Thanks to my handy-man husband, a crafty mother-in-law, and an engineering brother-in-law, I was able to bring a petticoat, wiring and a whole bunch of blooms to life.
- Dress form mannequin
- Pex piping
- Long strips of velcro
- Screen large enough to wrap around the petticoat
- Florals (see below)
With the flowers, be creative! I went with around 500 white carnations, 50 white roses, 50 white hydrangeas, 75 mini green hydrangeas, 50 white ranunculus, two bunches of white majolica spray roses, and 40 orchid blooms.
Step 1 — The Foundation
So that you understand the concept, channel your inner Scarlett O’Hara and think of hoop skirts from the 1800s. We took a petticoat and lined it with hoops made of pex piping (skinny, light piping cord used for plumbing). Start with the biggest hoop at the bottom seam of the petticoat, and move up towards the waist, with hoops spaced about a foot apart.

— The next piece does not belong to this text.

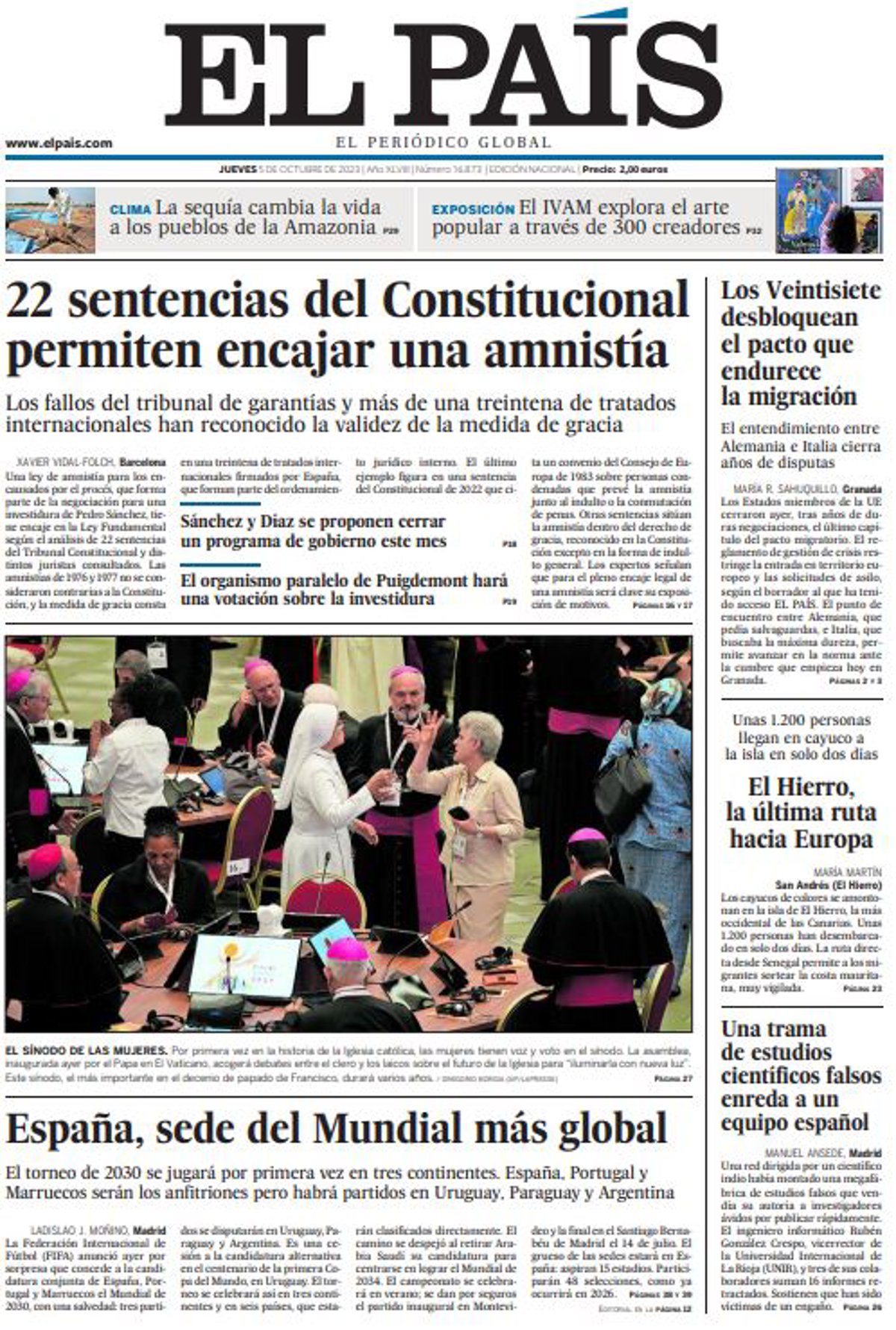 EL PAÍS: "22 sentencias del Constitucional permiten encajar una amnistía"; "España, sede del Mundial más global"; "Los Veintisiete desbloquean el pacto que endurece la migración"; "El Hierro, la última ruta hacia Europa"; "Una trama de estudios científicos falsos enreda a un equipo español".

There were a series of velcro straps sewn into the skirt, running vertically from the waist down to the hem of the skirt. The strapping wrapped around each hoop of pex piping to secure the hoops in place. We crimped the ends of pex together with metal clamps to close the hoop.
Step 2 — The Screen Overlay
Using a high-quality window screen, we created an overlay. This is what I wired the flowers to, but I kept it separate from the petticoat so that it could unfurl and lay flat to travel. Standing up, the screen will be used to wrap around the petticoat.
Step 3 — Adding the Flowers
I then made a bunch of boutonnieres and wired them on. I grouped carnations in clumps of two or three, put a wire through the calyx and used floral tape to secure to the wire. I did this also with the roses. Replacing all the stems with wires let me wire the blooms as close to the screen as possible. I did use mini Oasis iglus toward the bottom for the white hydrangea to have a water source. It took about 20 hours of hand wiring to get a sturdy dress that could hold itself up.
Step 4 — Bringing it All Together
The model stepped into the petticoat, and the screen with florals was wrapped around and secured with the velcro in the back. All done!